State Two: I wear street clothes, occasionally with special, padded cycling underwear but more often not, and I am more inclined to ride my city bike with its upright bars, racks and heavy U-lock. Although there is an old-school mechanical cyclometer on my front wheel, I usually have no idea how fast I'm going, and most of the time don't care. My flat-soled sneakers push BMX platform pedals with toe-cages bolted on, the toe-cage a holdover from my teenage years that I cannot let go of even in street clothes. I still wear a helmet -- I like my brain too much to take chances without it -- but the rest of my ensemble seems to give me permission to putter along, spinning in low gears and not worrying in the least when I am passed by every other rider on the road. I make many stops, at yard sales and gardens and friends' homes, and don't pay much attention to the clock. In this state I don't mind looking -- or riding -- like a non-athlete, a "schlub", a regular person with no pretensions to athletic greatness, and no concern about it either. 
 
The odd thing is that I am unwilling to give up on either kind of riding. And so I waver back and forth, seeking out a new "athletic" cycling goal each year and trying it on for size.

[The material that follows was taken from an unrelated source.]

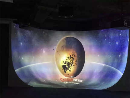 UMAX沉浸式激光影院,是通過多臺激光投影拼接融合形成一個U形的具有超寬觀看角度的大屏畫面。選用了三臺視美樂激光投影機通過特制融合電腦進行球面融合,形成一個直徑為5米的1/4球形畫面。其獨特的異形影像、極富沉浸感的空間,充分體現了投影顯示的靈活性以及激光顯示的高清高亮,色彩表現絕佳的優勢!
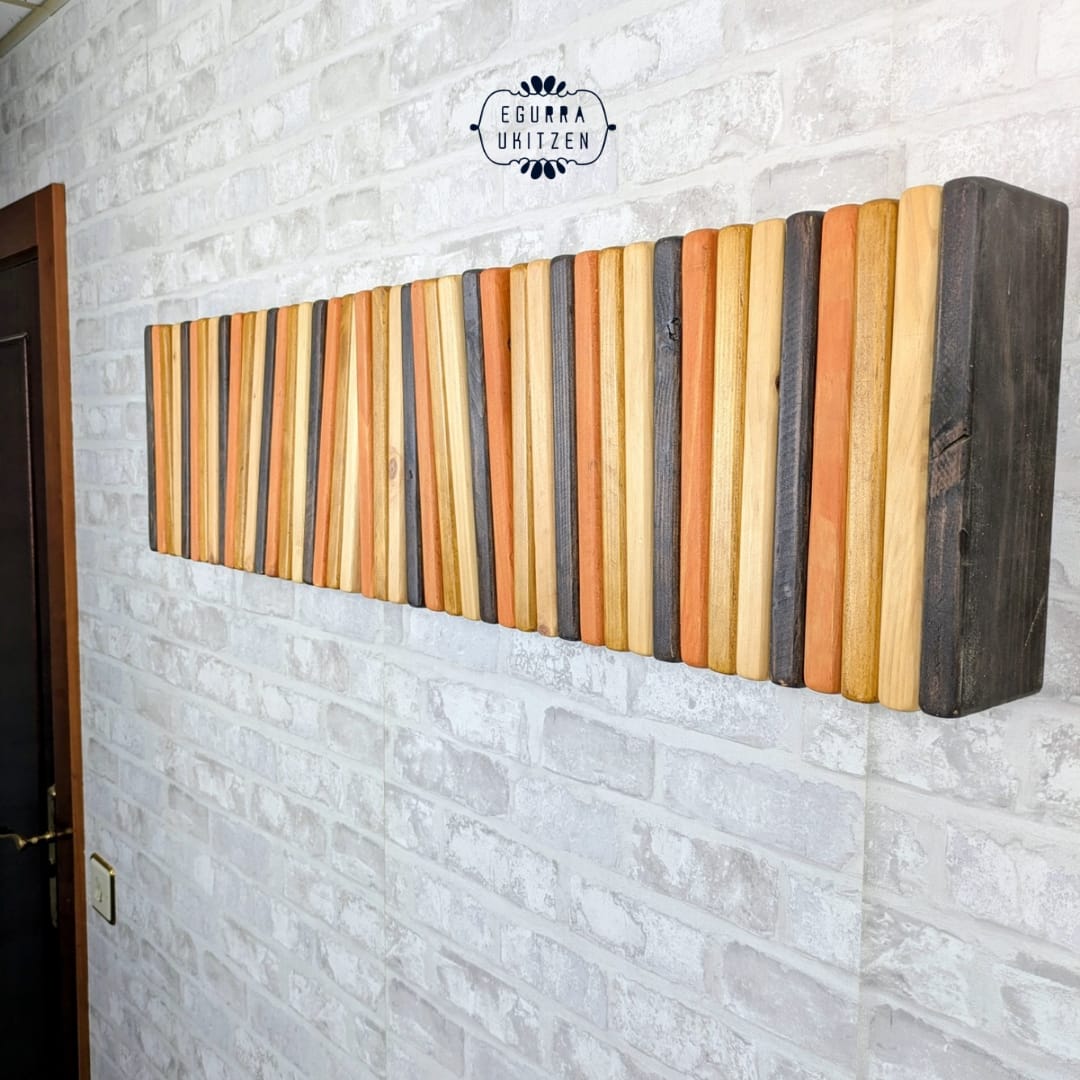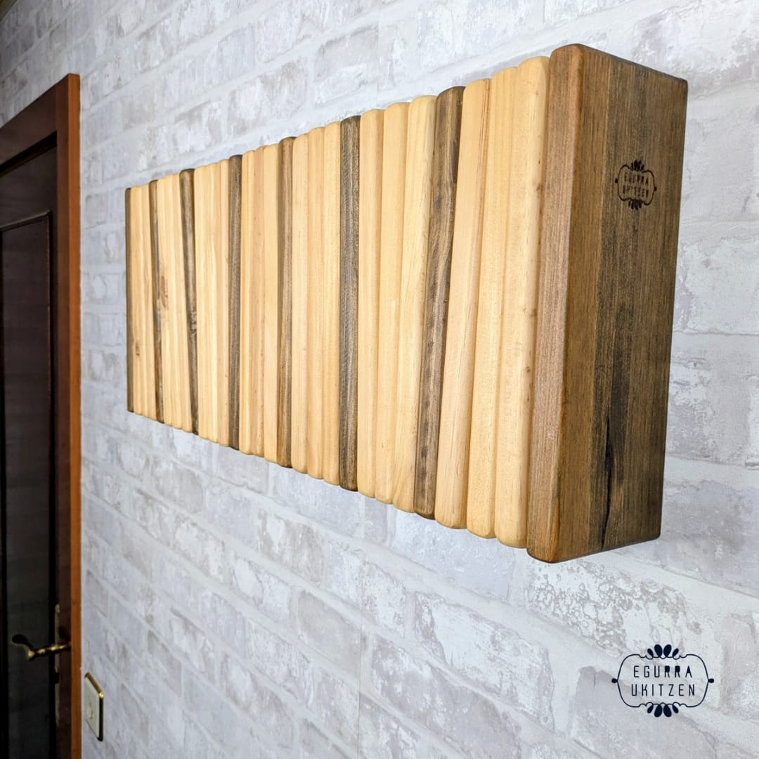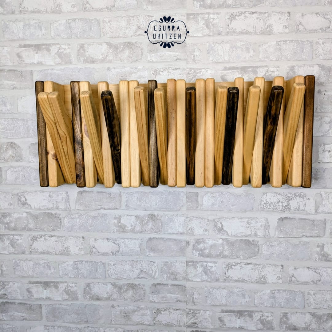 Se realiza totalmente a medida, adaptándose al espacio disponible y al número de colgadores necesarios. Además, puedes elegir el color o acabado que mejor encaje con tu estilo: natural, tonos claros, envejecidos o más oscuros, siempre respetando la belleza de la madera.

For the last two years it's been long-distance riding, hanging out with the Rando crowd. The rides, mostly on the west side of town, have been beautiful, and I've enjoyed -- or suffered -- my way through each. With distance rather than time being the primary goal, I've surprised myself and achieved things I didn't think possible. Now I know I'm capable of metric centuries (100k/62.5 miles) and have completed several of them. Will I try going for a 200k brevet? It's not clear, and lately it doesn't seem to matter so much. The fact that I've ridden SIX metric centuries in the last two years is amazing enough for someone like me, and knowing that I can go out and do it again feels good. 
 
I have observed many lovely days in which I ride my bike just to ride it, and wonder if ultimately I can give up the desire for athletic "greatness" and just settle into a steady diet of State Two and stop worrying about being a jock already. 
 
But in truth, I can't just let things go. This year, in what feels like another grasp at athletic greatness, I've decided to try my hand at cyclocross, that crazy sport where people buy fancy, knobby-tired bikes and run through the mud while carrying them over their shoulders. Why on earth would I even attempt this?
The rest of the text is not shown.